### [INFORMATION SUPPLIED]
★ ★ ★ ★ ★
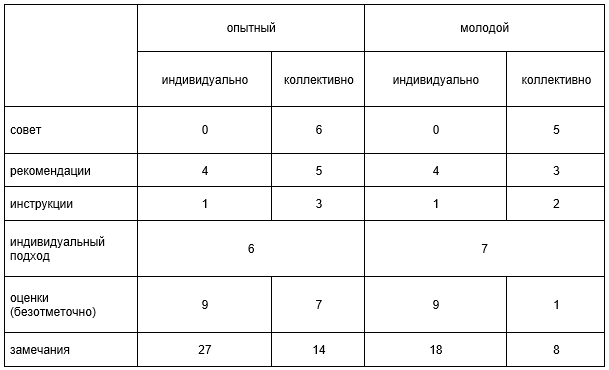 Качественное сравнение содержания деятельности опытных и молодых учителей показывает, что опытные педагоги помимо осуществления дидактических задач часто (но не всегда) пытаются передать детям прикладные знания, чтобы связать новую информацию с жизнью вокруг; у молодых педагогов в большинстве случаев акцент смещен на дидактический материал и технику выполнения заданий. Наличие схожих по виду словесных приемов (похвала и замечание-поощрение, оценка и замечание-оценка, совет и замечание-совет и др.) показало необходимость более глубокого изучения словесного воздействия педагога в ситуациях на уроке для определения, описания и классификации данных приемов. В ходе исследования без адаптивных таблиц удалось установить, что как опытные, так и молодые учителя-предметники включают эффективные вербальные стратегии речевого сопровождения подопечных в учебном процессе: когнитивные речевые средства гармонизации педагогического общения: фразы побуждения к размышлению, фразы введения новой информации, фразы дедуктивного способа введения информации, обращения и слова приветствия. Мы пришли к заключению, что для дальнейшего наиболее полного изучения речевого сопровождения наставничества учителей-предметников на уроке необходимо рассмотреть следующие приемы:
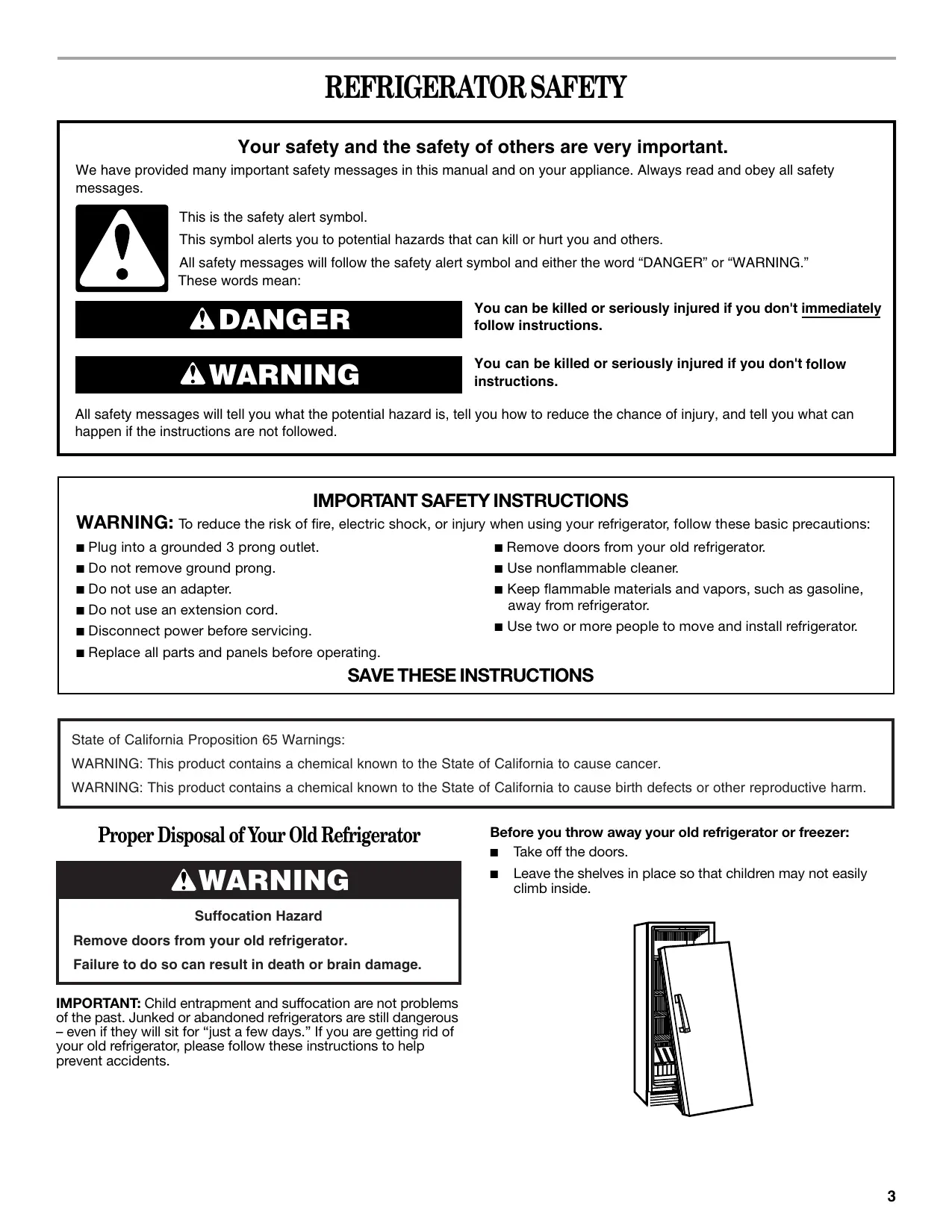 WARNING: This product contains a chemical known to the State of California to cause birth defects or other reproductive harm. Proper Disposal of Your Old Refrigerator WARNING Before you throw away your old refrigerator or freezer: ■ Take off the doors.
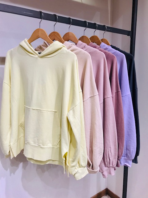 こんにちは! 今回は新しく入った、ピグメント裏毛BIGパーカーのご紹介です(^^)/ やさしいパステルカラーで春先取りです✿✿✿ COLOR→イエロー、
★ ★ ★ ★ ★
### [TASK TO COMPLETE]
All of the material should be reproduced exactly, apart from the pictures.

### [PROBLEM SOLUTION]
 Качественное сравнение содержания деятельности опытных и молодых учителей показывает, что опытные педагоги помимо осуществления дидактических задач часто (но не всегда) пытаются передать детям прикладные знания, чтобы связать новую информацию с жизнью вокруг; у молодых педагогов в большинстве случаев акцент смещен на дидактический материал и технику выполнения заданий. Наличие схожих по виду словесных приемов (похвала и замечание-поощрение, оценка и замечание-оценка, совет и замечание-совет и др.) показало необходимость более глубокого изучения словесного воздействия педагога в ситуациях на уроке для определения, описания и классификации данных приемов. В ходе исследования без адаптивных таблиц удалось установить, что как опытные, так и молодые учителя-предметники включают эффективные вербальные стратегии речевого сопровождения подопечных в учебном процессе: когнитивные речевые средства гармонизации педагогического общения: фразы побуждения к размышлению, фразы введения новой информации, фразы дедуктивного способа введения информации, обращения и слова приветствия. Мы пришли к заключению, что для дальнейшего наиболее полного изучения речевого сопровождения наставничества учителей-предметников на уроке необходимо рассмотреть следующие приемы:
 WARNING: This product contains a chemical known to the State of California to cause birth defects or other reproductive harm. Proper Disposal of Your Old Refrigerator WARNING Before you throw away your old refrigerator or freezer: ■ Take off the doors.
 こんにちは! 今回は新しく入った、ピグメント裏毛BIGパーカーのご紹介です(^^)/ やさしいパステルカラーで春先取りです✿✿✿ COLOR→イエロー、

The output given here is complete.